O Projeto de Lei entende que nascituro é o ser humano concebido, mas ainda não nascido, e busca garantir sua proteção integral desde a concepção. Assim, conforme dispõe o art. 13 do projeto, a mulher que engravidar em razão de violência sexual não poderá interromper a gravidez.
A SPM alerta: “Deve-se pontuar que a revogação tácita é vedada na legislação brasileira, de forma que o Projeto de Lei que a realizar está violando a Lei Complementar nº 95, de 1998, e o Decreto nº 4.176, de 2002, que estabelecem normas e diretrizes para a elaboração, a redação, a alteração, a consolidação e o encaminhamento ao Presidente da República de projetos de atos normativos de competência dos órgãos do Poder Executivo Federal. Logo, o PL nº 478, de 2007, é ilegal”.
O projeto determina ainda que o agressor pague pensão alimentícia até que a criança complete 18 anos; caso não seja identificado, a obrigação recai sobre o Estado. Instituições de defesa dos direitos das mulheres já apelidaram o projeto “Bolsa Estupro”.
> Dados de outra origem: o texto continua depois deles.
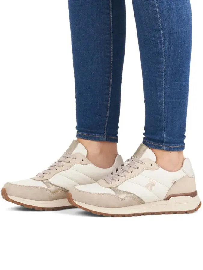 RIEKER - это не просто кроссовки, а стиль и комфорт в каждой детали! Встречайте бежевые кроссовки RIEKER - идеальный выбор для современной женщины в осеннем сезоне 2023-2024.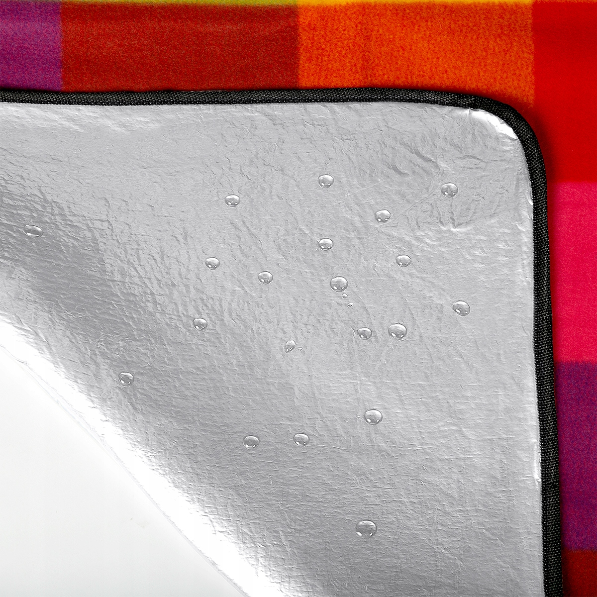 Це ковдра з настільки великою поверхнею (250x200), що на ній без проблем може розміститися вся родина. Це рішення набагато ефективніше, ніж дві менші ковдри. Немає ризику, що ковдри посунуть і хтось із наших речей впаде на траву або, що ще гірше, на пісок.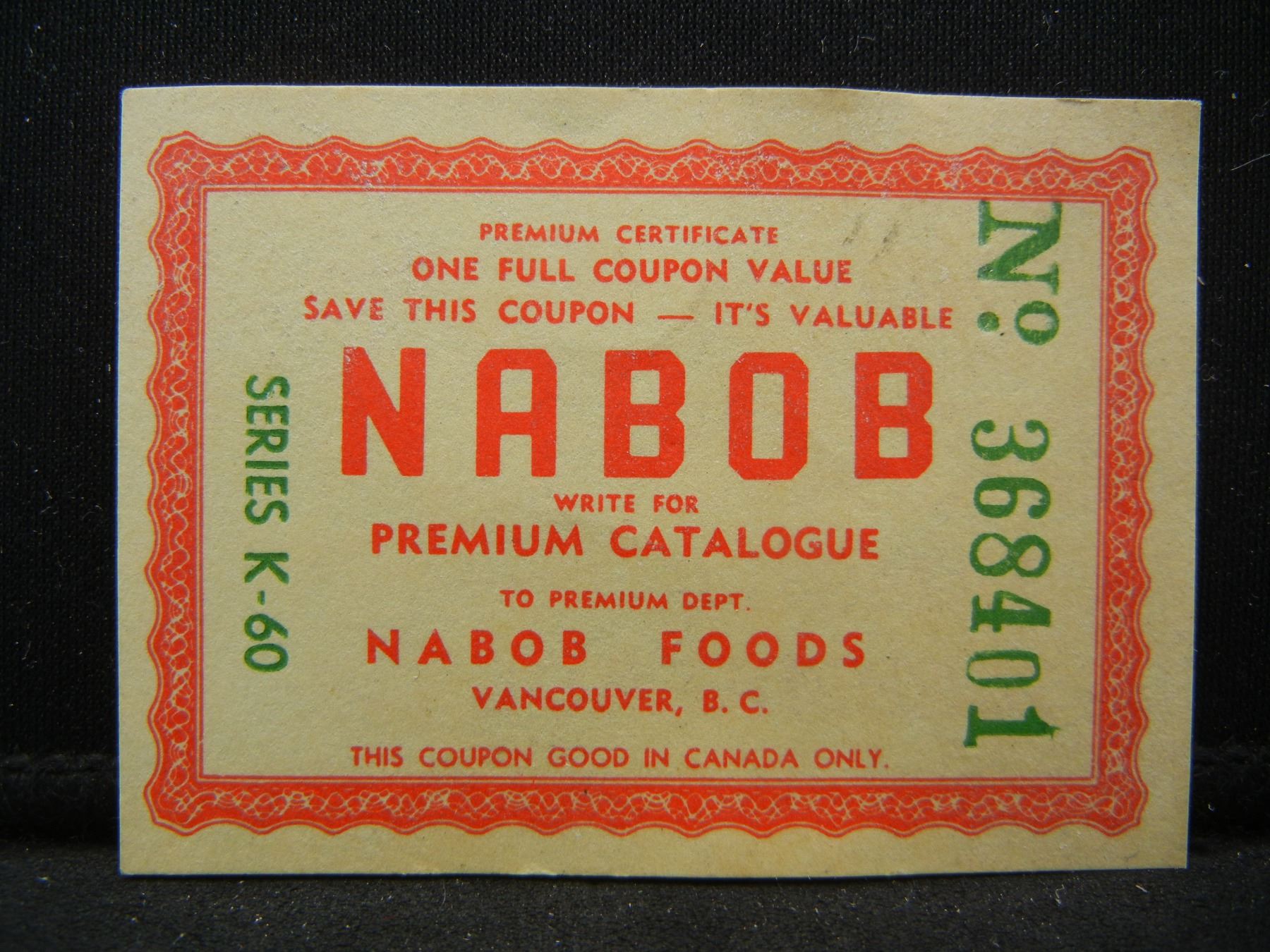 CANADA "NABOB" SERIALIZED COUPON (1950'S), CRISP

O PL está tramitando na Câmara dos Deputados e já passou pela Comissão de Seguridade Social e Família (CSSF). O projeto ainda precisa passar pelas comissões de Finanças e de Constituição e Justiça; só então será votado no plenário da Câmara. Se aprovado, será então enviado ao Senado.
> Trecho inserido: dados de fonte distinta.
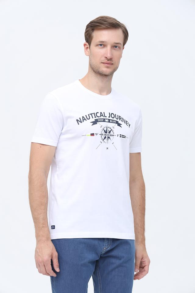 Белая футболка Granchio с принтом "Nautical Journey" — это стильная и комфортная модель из 100% хлопка. Футболка имеет классический крой и короткий рукав, идеально подходит для повседневной носки. Состав: хлопок 100%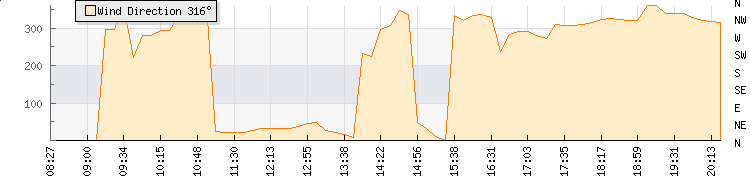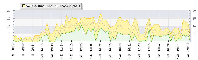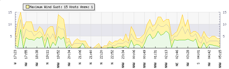 In the last few minutes the wind was Northerly at an average speed of 6 knots, reaching up to 8 knots and a low of 5 knots. The gust strength is3 knots above the minimum speed |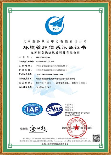 環(huán)境管理體系認證證書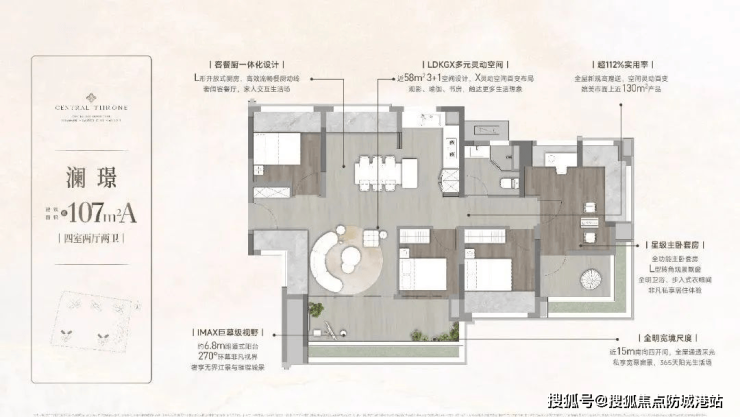 107㎡户型:提供四房双主套设计,适合大家庭居住。
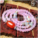 Bear Free Jewelry Multilayer Tibetan Natural Pink Agate Mala Bead Prayer Wrap Bracelet Necklace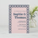 Invités Invitations à votre fête rétro-chic avec notre Faire-part de mariage rétro géométrique du milieu du siècle de Blush Navy. Doté d'un motif géométrique captivant dans une palette de couleurs sophistiquée, ce design allie charme vintage et élégance moderne. Parfait pour les couples à la recherche d'une ambiance mariage intemporelle et branchée. Explorez l'ensemble de la collection pour la coordination de la papeterie pour compléter votre look mariage.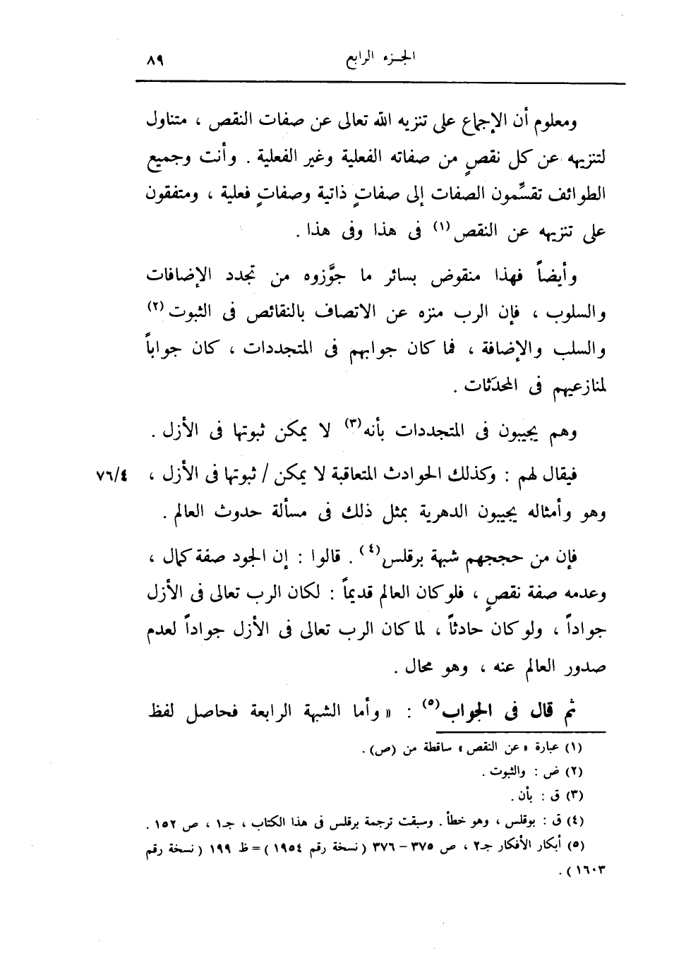 ثم قال في الجواب وأما الشبهة الرابعة فحاصل لفظ

Se o projeto for aprovado, fica proibida também qualquer “incitação” ou “apologia ao aborto”, termos que sugerem o cerceamento do direito de livre expressão e manifestação sobre o aborto.
Segundo a SPM, “em 2005, foi entregue na Câmara dos Deputados anteprojeto de lei que previa a descriminalização e legalização do aborto no Brasil. O anteprojeto foi elaborado por uma Comissão Tripartite, instituída pela Secretaria de Políticas para as Mulheres da Presidência da República (SPM/PR) e integrada por representantes dos poderes Executivo e Legislativo e da Sociedade Civil, os quais propuseram uma profunda revisão na legislação brasileira sobre aborto. Porém, não foi dada continuidade ao resultado final da Comissão, ou seja, ao anteprojeto de lei que continha a proposta de revisão da legislação punitiva do aborto, em razão da mudança de legislatura. Nunca foi aprovada nenhuma lei que descriminaliza o aborto, e o tema continua sendo discutido nas esferas tanto privadas quanto públicas.”
Na avaliação da SPM, “o Projeto de Lei nº 478, de 2007, uma vez aprovado, apresentará um grande retrocesso social e implicará a violação dos direitos fundamentais das mulheres, pois, em sua atual redação, não permite qualquer prática do aborto, inclusive quando a gestante esteja sob risco de morte e quando a gravidez seja resultado de um dos mais cruéis dos crimes, o estupro. Com isso, estar-se-á insistindo no erro que leva milhares de mulheres à morte no Brasil: tratar o aborto como questão de política criminal, ao invés de entender e enfrentá-lo enquanto problema de saúde pública”.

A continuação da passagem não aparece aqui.